To do: The whole listing, except its pictures, is to be repeated exactly.

Information provided:
○ ○ ○ ○
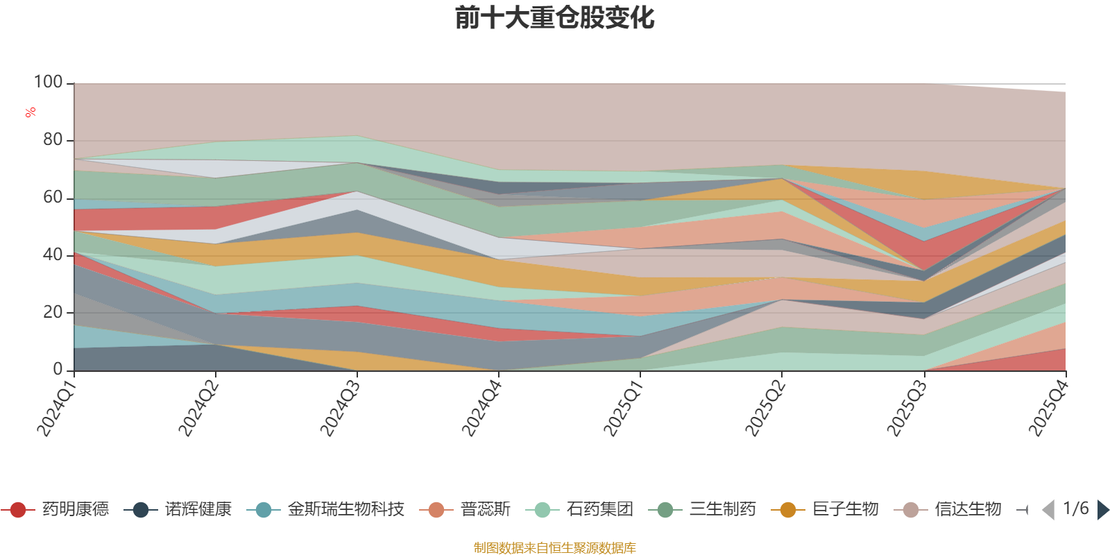 该基金持股集中度较高,近2年前十大重仓股集中度长期超过60%。截至2025年末,基金十大重仓股分别是普蕊斯、药明康德、信达生物、三生制药、石药集团、益方生物、中国生物制药、祥生医疗、泽璟制药、百济神州。
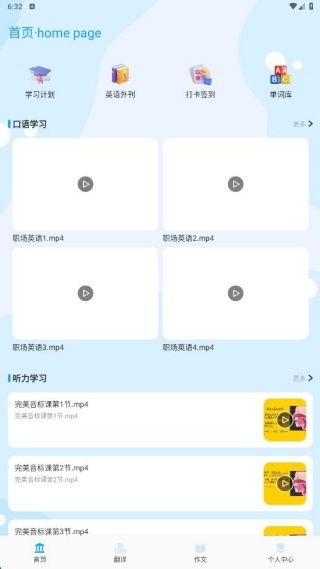 1、完成安装并进入应用后,在首页能看到学习计划、英语外刊、打卡签到、单词库等各项功能。
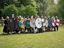 El skjaldborg (del nórdico antiguo: muro de escudos[1]) era una formación típica de los vikingos que consistía en un cuerpo de guerreros colocados suficientemente cerca como para sobreponer sus escudos de forma que se protegían unos a otros formando una barrera compacta.[2] Las imágenes en las piedras de Stora Hammars de Gotland muestran escudos más pequeños que se superponen por menos de un cuarto de su anchura, por lo que es razonable pensar que el posicionamiento variaba según las circunstancias, y posiblemente varios grupos se organizaban en diferentes skjaldborg de apoyo mutuo, mientras que otras unidades aprovechaban para posicionarse por su cuenta y atacar por sorpresa.
○ ○ ○ ○
Reply to the task:
 该基金持股集中度较高,近2年前十大重仓股集中度长期超过60%。截至2025年末,基金十大重仓股分别是普蕊斯、药明康德、信达生物、三生制药、石药集团、益方生物、中国生物制药、祥生医疗、泽璟制药、百济神州。
 1、完成安装并进入应用后,在首页能看到学习计划、英语外刊、打卡签到、单词库等各项功能。
 El skjaldborg (del nórdico antiguo: muro de escudos[1]) era una formación típica de los vikingos que consistía en un cuerpo de guerreros colocados suficientemente cerca como para sobreponer sus escudos de forma que se protegían unos a otros formando una barrera compacta.[2] Las imágenes en las piedras de Stora Hammars de Gotland muestran escudos más pequeños que se superponen por menos de un cuarto de su anchura, por lo que es razonable pensar que el posicionamiento variaba según las circunstancias, y posiblemente varios grupos se organizaban en diferentes skjaldborg de apoyo mutuo, mientras que otras unidades aprovechaban para posicionarse por su cuenta y atacar por sorpresa.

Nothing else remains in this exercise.